Investors welcomed a series of positive updates on AstraZeneca’s lung cancer treatments.
Results from a trial showed that the pharmaceutical giant’s drug Tagrisso, a tablet taken once a day, along with chemotherapy, delayed disease progression by almost nine months.
The combination also reduced the risk of disease progression or death by 38 percent compared to simply using the drug alone.
As a result, the US Food and Drug Administration approved the treatment, meaning AstraZeneca’s drug can be used alone or alongside chemotherapy in patients suffering from advanced lung cancer.
AstraZeneca also reported encouraging results from another trial that showed the positive impact Tagrisso had on the treatment of lung cancer patients when used after chemoradiotherapy.
Trial success: AstraZeneca’s lung cancer drug Tagrisso, a once-daily tablet used alongside chemotherapy, delayed disease progression by almost nine months
And in a third update, the company said an antibody drug it is developing with Japanese pharmaceutical firm Daiichi Sankyo to treat lung cancer was close to winning approval from U.S. regulators.
Susan Galbraith, executive vice president of oncology R&D at AstraZeneca, said: “Sometimes people are too nihilistic about lung cancer. If diagnosed early, it can make a difference in this disease.”
AstraZeneca wants about half of all lung cancer patients to be eligible for its treatments by 2030.
Sean Conroy, an analyst at Shore Capital, said that while the announcements were “largely expected, they all gradually help make the 2030 ambition look more achievable.”
Shares in the pharmaceutical group added 3.2 per cent, or 324 pence, to 10,418 pence. With US markets closed for Presidents’ Day, trading in London remained quiet.
The FTSE 100 managed to rise 0.22 per cent, or 16.79 points, to 7,728.50 and the FTSE 250 only managed to rise 0.13 per cent, or 24.97 points, to 19,216.90.
Anglo American is to cut 3,700 jobs in South Africa – around a fifth of its staff – after its profits plunged following a fall in metals prices.

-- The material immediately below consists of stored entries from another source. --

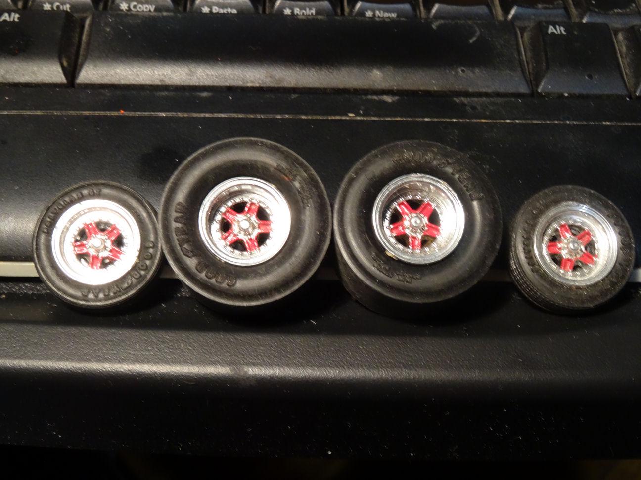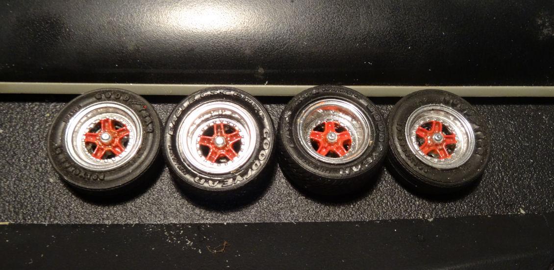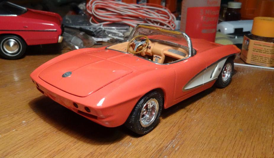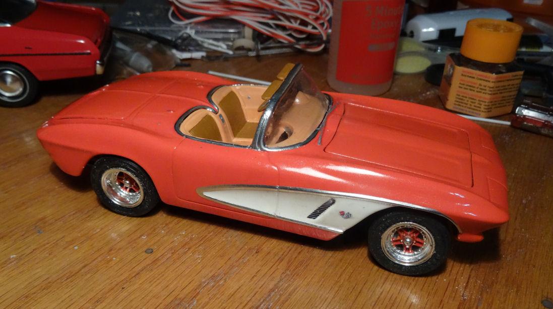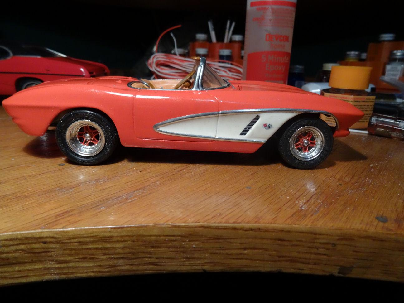 Been making some progress on the Vette of late. Trying to get the front end put together I started assembling it as MPC had in mind. The chassis if you recall comes from their 1956/1957 Corvette kit. I had several of these kits from different generations so I have a mix of parts. The later gen kits have a lot of flash, I mean a lot. I glued the A-Frame connector and the front A frames in one night and set it aside to dry. Came back the next night and I'm looking at it and something just doesn't look right. I glued the A frames upside down. Which seems to be par for the course lately. Luckily I was able to sneak them out and flip them over without incident. The rest of the front end went together OK but it's a really sloppy assembly. Had to do a lot of tweaking to get the front wheels into alignment. Needed to make my own center link to get them pointing straight. Although they don't look straight in the next pic, that's just an illusion. I searched long and hard for some wheels I liked but could not find a full set of four I liked in my parts bin. Finally settled for a set that was in the Vette junkyard. They had slicks on the rear which I wasn't going to use but something about them struck me. The centers were painted red but I repainted the centers with the Rally Red body paint and found some different tires. I had to cheat a bit for the rear wheels. The rear end uses the traditional metal axle but the hole in the rims was a large one. So the hole was filled with some styrene rod and then drilled for the axle. But I found that the rear axle sat a bit too far forward. So instead of moving the axle, I offset drilled the hole in the rims. This allowed me to center the wheel properly in the wheel opening. And now we finally have the Vette sitting on all fours. I think I want to find a larger diameter tire for the front. While the body has a nice rake, there is a lot of air around the tire. Bumpers have been cleaned up and sprayed with Revell chrome but won't go on until the very last thing. A couple of more shot of the car on all four. We might actually have this one done before the ball drops. Time will tell.....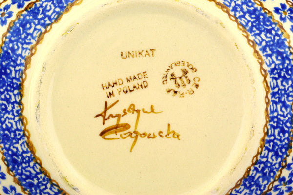This Midnight 10" Bowl was handmade and hand decorated in Boleslawiec, Poland by skilled artisans according to old traditional methods. This is a Polish pottery Signature Unikat, which means that it has been hand painted with both sponges and brushes and it is signed by the artist who painted it. Unikat pieces are the most intricate works of art. Larger Unikat items take hours of very careful work to finish. This Polish stoneware is microwave, dishwasher, freezer, and oven safe up to 480°F. It does not contain lead or cadmium. It is part of the Midnight Collection.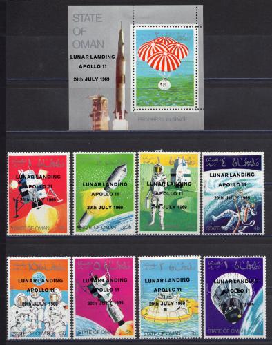 Почтовые марки. Оман. 1969г. Космос. Астронавты. Надпечатка. №66-73, Комплект. (кат. Weebau).

Craig Miller, chief executive of the mining giant’s platinum business, said it was “important to understand that this has been a decision made as a last resort for the company.”
Producers have been hampered by falling demand as the shift to electric cars is replacing the need for metals used to make catalytic converters in combustion engine vehicles. The shares fell 1.3 per cent, or 24.2 pence, to 1,778 pence.
Troubled music label Hipgnosis Songs Fund will face its investment adviser and former boss in the High Court accused of stealing the company’s idea.
The London-listed company has asked Merck Mercuriadis, which set up the group in 2018, to cover the costs of any potential settlement that may arise from claims brought against it in court last year.
He supposedly got the idea from a fellow music industry executive.
But Hipgnosis said Mercuriadis, who defends the allegations, insisted the accusations are “baseless” and has refused to do so.
The fund will take it to the High Court to ensure a legally binding commitment. The shares fell 0.2 per cent, or 0.1p, to 66p.
Rolls-Royce shares hit their highest level since February 2019. The stock, which has more than tripled in value since Tufan Erginbilgic took over as chief executive last year, rose 3.4 percent, or 10 .9p, down to 334.2p.
British Gas owner Centrica went in the opposite direction after analysts at Jefferies and Citigroup downgraded its rating amid concerns about its trading costs. The shares fell 6 per cent, or 8.3p, to 130.8p.